5. Inspect the info logs `Fetched KEV catalog document … pendingDocuments=…` and `Parsed KEV catalog document … entries=…`—they should appear exactly once per run and `Mapped X/Y… skipped=0` should match the `kev.map.advisories` delta.
6. Confirm MongoDB documents exist for the catalog JSON (`raw_documents` & `dtos`) and that advisories with prefix `kev/` are written.

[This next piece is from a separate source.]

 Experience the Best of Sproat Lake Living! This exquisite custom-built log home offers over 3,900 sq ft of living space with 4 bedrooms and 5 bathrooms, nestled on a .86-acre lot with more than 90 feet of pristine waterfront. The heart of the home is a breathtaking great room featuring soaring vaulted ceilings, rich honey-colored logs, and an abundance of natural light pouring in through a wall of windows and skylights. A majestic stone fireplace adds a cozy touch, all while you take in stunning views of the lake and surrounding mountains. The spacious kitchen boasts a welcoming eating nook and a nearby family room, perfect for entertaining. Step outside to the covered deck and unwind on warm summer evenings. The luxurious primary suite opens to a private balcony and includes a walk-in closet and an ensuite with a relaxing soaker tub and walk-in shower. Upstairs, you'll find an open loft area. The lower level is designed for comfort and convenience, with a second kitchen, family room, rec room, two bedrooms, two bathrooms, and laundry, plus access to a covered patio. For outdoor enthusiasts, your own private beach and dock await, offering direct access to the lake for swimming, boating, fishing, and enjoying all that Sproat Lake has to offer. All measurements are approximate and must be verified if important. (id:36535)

### 2.4 Production Monitoring

- Alert when `rate(kev_fetch_success_total[8h]) == 0` during working hours (daily cadence breach) and when `increase(kev_fetch_failures_total[1h]) > 0`.
- Page the on-call if `increase(kev_parse_failures_total{reason="schema"}[6h]) > 0`—this usually signals an upstream payload change. Treat repeated `reason="download"` spikes as networking issues to the mirror.
- Track anomaly spikes through `sum_over_time(kev_parse_anomalies_total{reason="missingCveId"}[24h])`. Rising `countMismatch` trends point to catalog publishing bugs.
- Surface the fetch/mapping info logs (`Fetched KEV catalog document …` and `Mapped X/Y KEV advisories … skipped=S`) on dashboards; absence of those logs while metrics show success typically means schema validation short-circuited the run.

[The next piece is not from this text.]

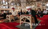 Jamaah membaca Quran saat mereka sholat Jumat di Masjid Fatih, Istanbul, Turki, Jumat (29/5). Shalat Jumat setelah 74 hari dengan jarak sosial di tengah pandemi virus corona. (FOTO : EPA -EFE / SEDAT SUNA)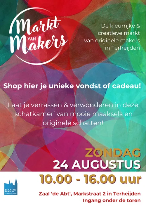 Terheijden - Op zondag 24 augustus verandert zaal De Abt aan de Marktstraat 2 opnieuw in een levendige ontmoetingsplek voor liefhebbers van ambacht, kunst en originele creaties. Tijdens de achtste editie van de Markt van Makers presenteren meer dan 27 makers uit de regio hun handgemaakte werk. De markt is gratis toegankelijk en geopend van 10.00 tot 16.00 uur.

### 2.5 Known good dashboard tiles

Add the following panels to the Concelier observability board:

| Metric | Recommended visualisation |
|--------|---------------------------|
| `rate(kev_fetch_success_total[30m])` | Single-stat (last 24 h) with warning threshold `>0` |
| `rate(kev_parse_entries_total[1h])` by `catalogVersion` | Stacked area – highlights daily release size |
| `sum_over_time(kev_parse_anomalies_total[1d])` by `reason` | Table – anomaly breakdown (matches dashboard panel) |
| `rate(cve_map_success_total[15m])` vs `rate(kev_map_advisories_total[24h])` | Comparative timeseries for advisories emitted |

## 3. Runbook updates

- Record staging/production smoke test results (date, catalog version, advisory counts) in your team’s change log.
- Add the CVE/KEV job kinds to the standard maintenance checklist so operators can manually trigger them after planned downtime.
- Keep this document in sync with future connector changes (for example, new anomaly reasons or additional metrics).
- Version-control dashboard tweaks alongside `docs/ops/concelier-cve-kev-grafana-dashboard.json` so operations can re-import the observability pack during restores.